Detroit Should Be A Warning To All
There have been warnings about Detroit’s dire financial straits for years, so it really would have been news if the city hadn’t declared bankruptcy.
The shoe finally dropped with last week’s filing, the largest municipal bankruptcy case in American history, with the city owing nearly $20 billion to banks, bondholders and pension funds. It has revenue of about $1.1 billion per year, a number that drops by about $100 million annually, and the city is burdened with a running deficit of $327 million.
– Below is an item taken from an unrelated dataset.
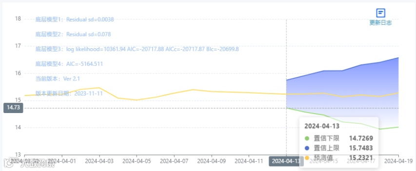 玄田算法是由项目课题组团队原创的非经典逻辑数值聚合理论和不确定性预测方法,构建了基于一致模算子的生猪价格预测模型。该模型采用的聚合函数及一致模相关理论与方法已获得多项国家自然科学基金和省级自然科学资金资助,并获得多项省级自然科学奖奖项。04月13日预测猪价为15.2321,置信区间在14.7269-15.7483之间。04月14日预测猪价为15.2405;04月15日预测猪价为15.2693。

Detroit had its share of management problems and corruption over the years, including borrowing money it had no ability to repay and making promises to union employees there was no way of keeping. Many cities, including those like Jamestown and Dunkirk, can breathe a little easier because they don’t borrow money for day-to-day needs or to make pension payments to retirees. Those are key differences. At the same time, there are frightening similarities shared by all Rust Belt cities – waves of industrial disinvestment, tax base erosion and population loss among them.
One reason lies in the history books. The Industrial Revolution brought millions of people from the farm to work in the factories housed in the cities. Those factories and other property owners paid huge sums in taxes that paid for police and fire departments, sanitation systems and infrastructure. Homeowners paid too, but their share was diluted because of the mammoth proceeds generated by industry. Public employee unions negotiated contracts when times were good that included such things as retirement after 20 years of employment and low contributions to health care costs. When factories began closing, there was never a corresponding shakeup of the services government is expected to provide or in the way government pays for those services.
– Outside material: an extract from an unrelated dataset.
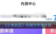 小米社区上线了一个内测分,应该有很多小米用户都看到了。在内测中心中,你就可以看到自己初始的内测分值,而当你的分值达到了900分后,就可以享受一些特权服务了。那么小米社区内测分具体有什么用呢?下面小编就来为大家介绍一下。>>小米社区内测分提升方法 小米社区内测分有什么用?内测分900及以上的用户可享受免申请直接通过内测审核 根据小米官方的介绍,小米社区内测分是根据用户在内测中的各种行为综合计算得出的一个分数,包含但不限于进入内测圈活跃互动、提出有效的内测建议反馈、生产优质内测帖等行为,未参与内测的用户内测分为0,从介绍看,还是有点官方的,但是说白了,就是要之前经常参与内测的米粉,内测得分就会高。 米粉申请MIUI12系统的稳定版、公测版、内测版的测试都是通过小米社区进行的,还有“超级壁纸”、“小爱同

The model outlived its usefulness, but was never replaced. Financial problems for cities that can’t replace heavy industry are likely inevitable, as Detroit has realized. Population loss and tax base make it impossible to pay for services as they were designed decades ago – and that is exactly the situation cities across the country find themselves facing. Bankruptcy may wipe away debt, but it won’t fix such a flawed system.
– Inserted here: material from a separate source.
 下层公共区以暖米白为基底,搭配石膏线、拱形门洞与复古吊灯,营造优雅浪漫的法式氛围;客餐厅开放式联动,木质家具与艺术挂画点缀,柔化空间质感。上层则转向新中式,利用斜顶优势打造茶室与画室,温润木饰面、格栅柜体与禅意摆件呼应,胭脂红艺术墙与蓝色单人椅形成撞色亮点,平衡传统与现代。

The real lesson to learn from Detroit is that elected officials at all levels need to look differently at municipal services. The amount of services provided by government needs to be rethought to reflect what is affordable in the new economic realities of life in the Rust Belt. Furthermore, the state and its taxing jurisdictions need solutions to the increasing burdens of health care and pensions for public employees that do more than push the problem further down the road.
It will take hard work and concessions from all corners for Rust Belt cities to avoid taking Detroit’s path. That hard work should begin now, before we’ve gone too far to turn back.